Canada: Anti-Loss Trading Rules May Impact Investment Trusts

For several decades, corporations have been subject to the Income Tax Act's "loss streaming" rules, which restrict a corporation's ability to carry forward losses and certain credits following an acquisition of control of the corporation. In the absence of these rules, a profitable corporation would be able to acquire a corporation with accrued losses, amalgamate with it, and carry the accrued losses forward to shelter future income. The loss streaming rules limit the effectiveness of this kind of transaction in a number of ways, including by preventing a corporation from carrying forward capital losses after an acquisition of control, and by only allowing non-capital losses to be carried forward and deducted against income from the same business or a similar business as the business which generated the losses.

While these rules historically applied only to corporations, recent legislative changes have extended their applicability to trusts. We would like to draw readers' attention to a number of consequences of the amendments, particularly as they may affect investment fund trusts.

The new "Loss Restriction Rules"

The extension of the loss-streaming rules to trusts was announced by the Minister of Finance in Budget 2013. Legislation implementing the necessary changes (the Loss Restriction Rules) was enacted on December 12, 2013, retroactively to March 21, 2013. Although the Loss Restriction Rules are targeted at preventing a very specific type of transaction, they will apply broadly to all trusts. Significantly, they could have important implications for the everyday operation of investment funds that are structured as trusts.

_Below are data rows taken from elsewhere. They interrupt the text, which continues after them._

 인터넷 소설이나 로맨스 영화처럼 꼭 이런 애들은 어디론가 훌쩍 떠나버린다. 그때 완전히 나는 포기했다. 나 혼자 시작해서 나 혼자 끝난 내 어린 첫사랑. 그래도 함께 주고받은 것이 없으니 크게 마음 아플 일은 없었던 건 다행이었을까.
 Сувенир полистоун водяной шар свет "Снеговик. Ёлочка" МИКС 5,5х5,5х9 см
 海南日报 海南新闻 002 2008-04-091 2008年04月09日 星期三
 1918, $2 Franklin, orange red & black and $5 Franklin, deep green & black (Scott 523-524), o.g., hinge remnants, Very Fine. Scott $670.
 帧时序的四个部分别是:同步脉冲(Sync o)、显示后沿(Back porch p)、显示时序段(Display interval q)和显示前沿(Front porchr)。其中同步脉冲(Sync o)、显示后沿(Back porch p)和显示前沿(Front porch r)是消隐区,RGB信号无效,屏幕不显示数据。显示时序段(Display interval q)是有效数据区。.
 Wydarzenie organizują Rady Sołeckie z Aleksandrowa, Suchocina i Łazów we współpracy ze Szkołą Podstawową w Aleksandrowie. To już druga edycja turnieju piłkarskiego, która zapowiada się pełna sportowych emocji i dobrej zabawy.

The Loss Restriction Rules apply where a trust is subject to a "loss restriction event". A loss restriction event occurs where a person becomes a majority-interest beneficiary of the trust or a group becomes a majority-interest group of beneficiaries of the trust. A majority-interest beneficiary of a trust is a beneficiary (including a partnership) that, together with all affiliated persons, has an interest in the income or capital of the trust that is greater than 50% of the fair market value of all the interests in the income or capital of the trust. Generally speaking, a majority-interest group of beneficiaries is a group of beneficiaries that, if all their interests were aggregated, would hold greater than 50% of the fair market value of all the interests in the income or capital of the trust, provided that this threshold would still be met if any member of the group were not a member of the group. Several other supporting and interpretive rules exist, including rules intended to prevent transfers between certain affiliated persons from giving rise to a loss restriction event. A loss restriction event will not be triggered when a person ceases to be a majority-interest beneficiary.

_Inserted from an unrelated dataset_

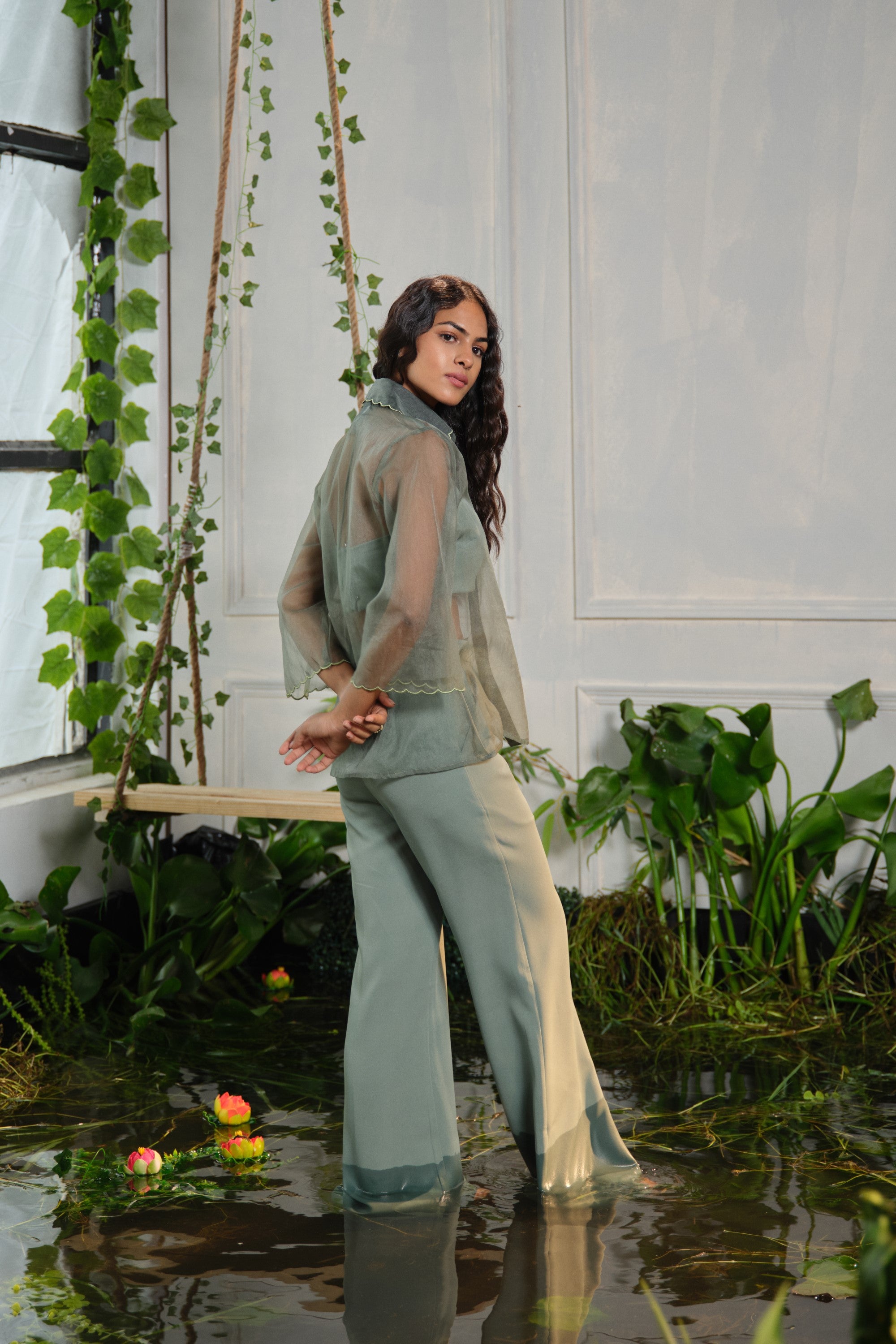 A dreamy sage green set featuring a sheer organza shirt with delicate floral embroidery, paired with a matching bustier and flared crepe pants. Crafted in tissue organza and exclusive crepe for a graceful, layered look.

Consequences of the new rules

When a trust becomes subject to a loss restriction event, several consequences will occur which can have material significance for an investment fund:

  • Expiry and use of certain losses: on a loss restriction event, any accrued net capital losses of a trust will expire and any net capital losses realized after the event cannot be carried back to a time before the event. As well, the trust will be forced to immediately recognize any accrued by unrealized losses on non-depreciable capital property. If the trust changes its business subsequent to the loss restriction event, it may be unable to deduct business losses accrued prior to the loss restriction event.
  • Deemed year-end: on a loss restriction event, the current taxation year of the trust will be deemed to end at the beginning of the day on which the event occurred. From a compliance perspective, the trust will need to make its regular end-of-year filings at the end of the short taxation year. This will include filing its T3 Return and issuing T3 slips to unitholders within 90-days of the deemed year end. A mutual fund trust which is subject to a loss restriction event in its first taxation year will also need to ensure that it files the election to be a mutual fund trust from the beginning of its first taxation year in its tax return for the short taxation year. The short taxation year will also shorten the amount of time that the trust has to meet the requirements to qualify as a mutual fund trust, since the requirements must be met within 90-days of the end of the trust's first taxation year (provided the proper election is filed). As well, investment funds will need to consider whether their automatic distribution mechanism (which generally distributes all income remaining at the end of a taxation year to unitholders to ensure that the fund itself does not become liable to tax) will apply to cause a distribution after a short taxation year. Similarly, assuming that the additional distribution is normally made in units, it will be necessary to ensure that the distribution is automatically followed by a consolidation of units or a recalculation of the net asset value of the outstanding units, as appropriate.
  • Mergers: the new rules will create complexities in the context of mergers (both taxable and tax-deferred) between trusts, and may restrict the ability to carry forward losses of one or more of the predecessor trusts.


The Loss Restriction Rules are detailed and complex, and could have significant implications for investment funds that operate as trusts and that become subject to a loss restriction event. For existing funds, managers should consider whether, based on subscriptions, trades and redemptions of units, a person or group of persons could acquire more than 50% of the capital or income entitlements of the trust. To be proactive, on the creation of a trust, measures may need to be taken regarding ownership restrictions (similar to restrictions commonly found in a declaration of trust for a mutual trust which prohibit non-residents from owning a majority of the trust units) to ensure that a loss restriction event can be avoided. In addition, managers should take measures to ensure that, should the trust become subject to a loss restriction event, it will be able to deal with the resulting administrative requirements.

The content of this article is intended to provide a general guide to the subject matter. Specialist advice should be sought about your specific circumstances.